__What this task involves__: Do any lines in the data below contain "room"? If so, copy every one of them.

+++

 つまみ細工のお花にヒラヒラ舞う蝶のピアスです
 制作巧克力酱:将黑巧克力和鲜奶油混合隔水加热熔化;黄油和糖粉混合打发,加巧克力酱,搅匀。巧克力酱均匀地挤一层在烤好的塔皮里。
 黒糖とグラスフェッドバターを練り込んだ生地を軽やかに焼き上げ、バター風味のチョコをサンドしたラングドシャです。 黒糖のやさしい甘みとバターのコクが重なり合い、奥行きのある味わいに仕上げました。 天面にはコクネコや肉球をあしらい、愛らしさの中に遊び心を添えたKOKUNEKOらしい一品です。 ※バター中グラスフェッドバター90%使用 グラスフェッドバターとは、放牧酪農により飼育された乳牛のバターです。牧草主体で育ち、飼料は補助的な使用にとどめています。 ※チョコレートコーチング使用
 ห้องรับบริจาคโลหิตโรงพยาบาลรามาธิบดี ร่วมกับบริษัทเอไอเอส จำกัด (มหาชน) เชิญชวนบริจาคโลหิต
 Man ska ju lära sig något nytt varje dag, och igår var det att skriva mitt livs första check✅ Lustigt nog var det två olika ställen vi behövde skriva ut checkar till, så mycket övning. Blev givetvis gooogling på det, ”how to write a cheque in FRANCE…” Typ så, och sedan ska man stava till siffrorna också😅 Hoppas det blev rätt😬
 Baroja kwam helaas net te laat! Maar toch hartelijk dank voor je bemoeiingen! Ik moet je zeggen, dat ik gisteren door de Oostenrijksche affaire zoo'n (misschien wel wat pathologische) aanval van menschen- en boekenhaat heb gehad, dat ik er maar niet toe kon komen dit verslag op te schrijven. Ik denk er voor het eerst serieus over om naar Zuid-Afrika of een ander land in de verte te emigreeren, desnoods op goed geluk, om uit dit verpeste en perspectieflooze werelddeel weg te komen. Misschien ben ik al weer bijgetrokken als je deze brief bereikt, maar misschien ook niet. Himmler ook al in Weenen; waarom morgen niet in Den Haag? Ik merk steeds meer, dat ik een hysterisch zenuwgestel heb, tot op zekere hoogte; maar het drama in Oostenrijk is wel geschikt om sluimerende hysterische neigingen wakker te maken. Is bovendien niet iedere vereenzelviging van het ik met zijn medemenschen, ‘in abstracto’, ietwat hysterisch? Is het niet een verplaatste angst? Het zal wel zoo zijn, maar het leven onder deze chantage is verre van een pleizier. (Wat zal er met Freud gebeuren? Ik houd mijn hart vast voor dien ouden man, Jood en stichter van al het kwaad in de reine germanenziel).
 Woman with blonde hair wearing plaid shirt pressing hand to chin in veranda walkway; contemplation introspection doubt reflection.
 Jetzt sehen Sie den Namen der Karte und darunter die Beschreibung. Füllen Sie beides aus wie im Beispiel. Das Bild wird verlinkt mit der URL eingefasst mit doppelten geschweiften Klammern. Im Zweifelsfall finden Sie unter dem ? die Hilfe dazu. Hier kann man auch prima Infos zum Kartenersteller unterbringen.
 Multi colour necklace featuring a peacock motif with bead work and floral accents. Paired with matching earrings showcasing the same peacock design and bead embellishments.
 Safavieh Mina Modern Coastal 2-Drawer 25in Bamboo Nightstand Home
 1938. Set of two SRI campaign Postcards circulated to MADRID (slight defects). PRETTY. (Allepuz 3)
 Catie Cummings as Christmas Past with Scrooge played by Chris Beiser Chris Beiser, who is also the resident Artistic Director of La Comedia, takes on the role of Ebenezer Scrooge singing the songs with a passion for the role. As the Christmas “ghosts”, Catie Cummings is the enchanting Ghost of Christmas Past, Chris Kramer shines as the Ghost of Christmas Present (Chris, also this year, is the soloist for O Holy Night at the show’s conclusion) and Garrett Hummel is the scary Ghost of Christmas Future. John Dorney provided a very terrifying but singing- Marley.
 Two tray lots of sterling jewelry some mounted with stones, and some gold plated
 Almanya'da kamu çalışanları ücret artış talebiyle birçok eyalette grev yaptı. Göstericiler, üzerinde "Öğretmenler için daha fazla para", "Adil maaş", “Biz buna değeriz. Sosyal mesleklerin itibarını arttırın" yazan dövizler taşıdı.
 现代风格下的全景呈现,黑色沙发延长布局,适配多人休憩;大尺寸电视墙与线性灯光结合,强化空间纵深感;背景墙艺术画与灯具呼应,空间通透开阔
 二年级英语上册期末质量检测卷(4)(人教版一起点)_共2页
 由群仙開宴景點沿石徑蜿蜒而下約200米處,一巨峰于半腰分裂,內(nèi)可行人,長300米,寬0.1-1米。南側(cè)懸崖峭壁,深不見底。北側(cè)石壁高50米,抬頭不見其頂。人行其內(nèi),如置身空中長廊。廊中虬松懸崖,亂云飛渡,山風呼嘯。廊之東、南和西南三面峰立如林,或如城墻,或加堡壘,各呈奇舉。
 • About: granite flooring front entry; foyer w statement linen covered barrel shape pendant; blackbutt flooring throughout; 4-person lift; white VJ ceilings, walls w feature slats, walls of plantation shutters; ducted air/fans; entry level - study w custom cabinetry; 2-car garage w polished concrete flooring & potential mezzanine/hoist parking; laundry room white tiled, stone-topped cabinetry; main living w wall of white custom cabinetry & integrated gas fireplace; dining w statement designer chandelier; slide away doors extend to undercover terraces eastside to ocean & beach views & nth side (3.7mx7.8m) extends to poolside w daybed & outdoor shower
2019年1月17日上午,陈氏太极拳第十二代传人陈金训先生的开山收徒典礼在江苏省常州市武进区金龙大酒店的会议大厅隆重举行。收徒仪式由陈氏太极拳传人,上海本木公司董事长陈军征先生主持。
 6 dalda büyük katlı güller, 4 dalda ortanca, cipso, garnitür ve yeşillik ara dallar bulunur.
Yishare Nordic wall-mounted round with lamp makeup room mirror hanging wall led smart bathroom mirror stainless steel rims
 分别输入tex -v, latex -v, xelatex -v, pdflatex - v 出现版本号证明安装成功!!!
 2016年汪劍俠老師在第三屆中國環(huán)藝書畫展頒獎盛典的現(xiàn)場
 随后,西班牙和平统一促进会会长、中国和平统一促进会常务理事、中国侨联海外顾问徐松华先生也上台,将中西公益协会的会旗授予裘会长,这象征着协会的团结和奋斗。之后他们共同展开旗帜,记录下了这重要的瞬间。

+++

__Reply__:
 • About: granite flooring front entry; foyer w statement linen covered barrel shape pendant; blackbutt flooring throughout; 4-person lift; white VJ ceilings, walls w feature slats, walls of plantation shutters; ducted air/fans; entry level - study w custom cabinetry; 2-car garage w polished concrete flooring & potential mezzanine/hoist parking; laundry room white tiled, stone-topped cabinetry; main living w wall of white custom cabinetry & integrated gas fireplace; dining w statement designer chandelier; slide away doors extend to undercover terraces eastside to ocean & beach views & nth side (3.7mx7.8m) extends to poolside w daybed & outdoor shower
Yishare Nordic wall-mounted round with lamp makeup room mirror hanging wall led smart bathroom mirror stainless steel rims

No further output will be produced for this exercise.